Вернувшись в квартиру. Золи быстро засыпает, прижав к груди подушку. Просыпается после полудня. В комнате тихо. Она долго пьет из-под крана холодную воду в ванной, примыкающей к спальне. Потом одевается и лежит на кровати, сложив руки на животе. Так можно пролежать довольно долго, хотя лучше было бы смотреть вдаль из окна, сидя на стуле, и чтобы светило солнце.
После полудня в комнату, шумно дыша, входит Генри. Увидев Золи, он останавливается, как будто забыл о ее присутствии. На нем белые брюки и светло-голубая рубашка. Он прижимает к уху телефон, широко улыбается и посылает Золи воздушный поцелуй. Она понятия не имеет, как относиться к этому жесту, и кивает в ответ. Это его комната, думает Золи, его рубашки, его шкаф, его рамки для фотографий, в одной из которых обитает она.
В ванной она брызгает себе в лицо водой, перед тем как отправиться в гостиную. Она радуется, слыша доносящийся из кухни голос Франчески. Та говорит о каком-то несчастном случае в ресторане. Генри, видимо, дожидается музыкантов, которые напились где-то, но должны играть сегодня вечером на торжественном открытии конференции.
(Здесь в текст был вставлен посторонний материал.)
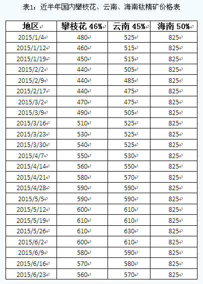 5、海南地區(qū)鈦精礦價(jià)格受外礦影響較大,因外礦價(jià)格仍處于低位持穩(wěn)運(yùn)行,所以海南地區(qū)鈦精礦價(jià)格上半年較為平穩(wěn),海南地區(qū)50%鈦精礦(低磷)主流報(bào)價(jià)為800-850元/噸,實(shí)際成交價(jià)750-800元/噸。

— Шотландцы, — кричит он в телефон, — они шотландцы, а не ирландцы!
Франческа подмигивает ей и крутит в воздухе рукой, давая понять, что хотела бы закончить телефонный разговор поскорее. В комнате работает телевизор, звук выключен. Золи садится возле кофейного столика и перелистывает альбом с фотографиями Индии. Трупы на берегу Ганга. Толпа, собравшаяся перед храмом. Она переворачивает страницу, и в это время Генри яростно щелкает пальцами, глядя сначала на Франческу, потом на Золи.
— Боже мой, боже мой, о боже мой! — говорит он бросает телефон и включает звук телевизора. На экране — он сам, напряженный, нервный. Камера переходит с него на танцующих девочек в народных костюмах. На экране появляется название конференции, потом снова показывают танцующих девочек.
Франческа сидит на диване рядом с Золи. Когда репортаж заканчивается, она берет мать за руку и стискивает ее.
— Ну что, я все испортил? — спрашивает Генри, растопыренными пальцами откидывая со лба волосы.
— Ты был идеален, — отвечает Франческа, — но было бы лучше, если бы ты снял эту смирительную рубашку.
— Хм-м?
— Шутка.
Мать и дочь прижимаются друг к другу, рука в руке. По шторам пробегает свет, и кажется, что он растекается у их ног.
— Ну, мог бы держаться немного раскованнее, — говорит Франческа, кладет голову на плечо Золи, и обе они смеются.
— По-моему, получилось прекрасно.
Генри разворачивается на каблуках и, топая, уходит на кухню.
Две женщины сидят, соприкасаясь лбами. Золи думает, что этот момент, непрошеный и непринужденный, идеален. Она бы хотела, чтобы все здесь застыло. Тогда бы она поднялась, оставив смеющуюся дочь на диване, прошла по квартире, обулась, спустилась по лестнице, прошла по тихим улицам, покинула замерший Париж в это мгновение странной красоты, сев на поезд (лишь он продолжал бы двигаться), и отправилась домой.
Сидя на краю ванны. Золи принимает душ и смотрит на идущий из него дождь. Вода падает ей на волосы. Из спальни доносится какой-то шум. Быстрое шарканье шагов, щелчок закрывшейся двери. Доносится голос Генри, он ищет запонки. Золи слышит голос дочери, та настаивает, чтобы Генри поторопился и ушел. Потом Франческа умолкает. Раздается долгий вздох.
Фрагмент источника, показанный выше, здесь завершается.